Keep the pictures out. Write out every line of the listing exactly.

Material provided:
>>>>

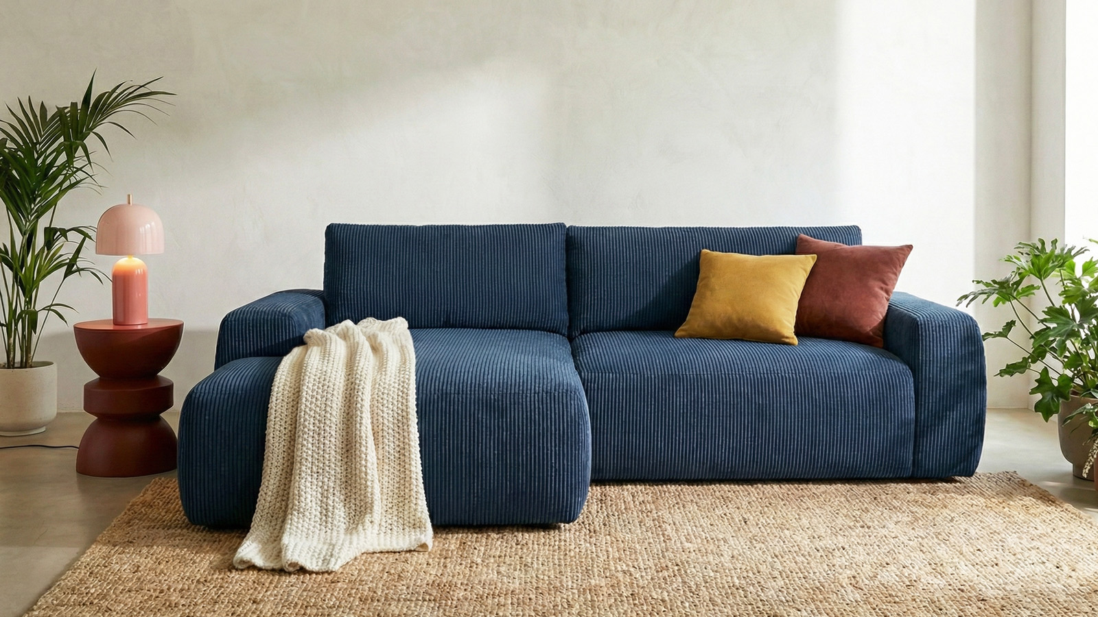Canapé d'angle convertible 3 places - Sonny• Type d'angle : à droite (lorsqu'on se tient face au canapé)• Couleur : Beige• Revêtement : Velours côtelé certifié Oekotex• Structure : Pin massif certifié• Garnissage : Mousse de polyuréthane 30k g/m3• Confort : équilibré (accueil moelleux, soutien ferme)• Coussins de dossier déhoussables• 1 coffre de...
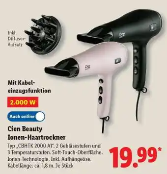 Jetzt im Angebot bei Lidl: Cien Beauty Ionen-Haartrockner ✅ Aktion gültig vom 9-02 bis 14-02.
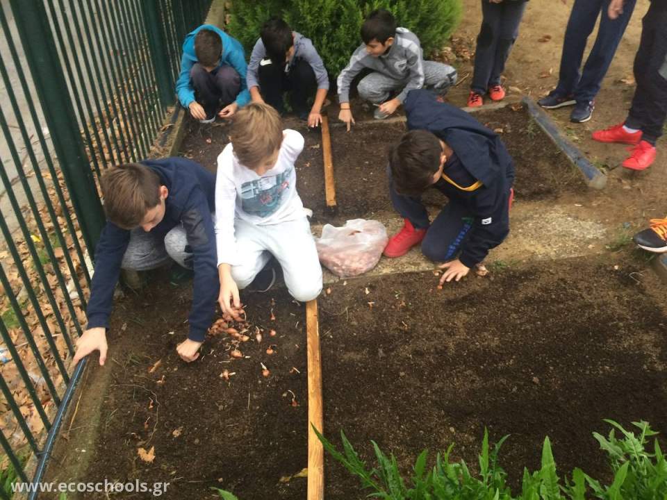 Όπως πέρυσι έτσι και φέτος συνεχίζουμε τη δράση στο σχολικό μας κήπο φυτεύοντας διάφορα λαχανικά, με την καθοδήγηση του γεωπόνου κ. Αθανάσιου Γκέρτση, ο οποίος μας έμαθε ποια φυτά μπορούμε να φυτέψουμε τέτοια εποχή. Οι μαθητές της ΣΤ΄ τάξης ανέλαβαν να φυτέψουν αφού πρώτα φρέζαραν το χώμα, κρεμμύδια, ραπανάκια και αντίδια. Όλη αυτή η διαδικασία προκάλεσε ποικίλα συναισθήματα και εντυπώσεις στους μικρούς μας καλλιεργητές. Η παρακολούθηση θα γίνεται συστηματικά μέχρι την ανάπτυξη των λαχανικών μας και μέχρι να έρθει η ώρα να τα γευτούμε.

<<<<

Answer space:
Canapé d'angle convertible 3 places - Sonny• Type d'angle : à droite (lorsqu'on se tient face au canapé)• Couleur : Beige• Revêtement : Velours côtelé certifié Oekotex• Structure : Pin massif certifié• Garnissage : Mousse de polyuréthane 30k g/m3• Confort : équilibré (accueil moelleux, soutien ferme)• Coussins de dossier déhoussables• 1 coffre de...
 Jetzt im Angebot bei Lidl: Cien Beauty Ionen-Haartrockner ✅ Aktion gültig vom 9-02 bis 14-02.
 Όπως πέρυσι έτσι και φέτος συνεχίζουμε τη δράση στο σχολικό μας κήπο φυτεύοντας διάφορα λαχανικά, με την καθοδήγηση του γεωπόνου κ. Αθανάσιου Γκέρτση, ο οποίος μας έμαθε ποια φυτά μπορούμε να φυτέψουμε τέτοια εποχή. Οι μαθητές της ΣΤ΄ τάξης ανέλαβαν να φυτέψουν αφού πρώτα φρέζαραν το χώμα, κρεμμύδια, ραπανάκια και αντίδια. Όλη αυτή η διαδικασία προκάλεσε ποικίλα συναισθήματα και εντυπώσεις στους μικρούς μας καλλιεργητές. Η παρακολούθηση θα γίνεται συστηματικά μέχρι την ανάπτυξη των λαχανικών μας και μέχρι να έρθει η ώρα να τα γευτούμε.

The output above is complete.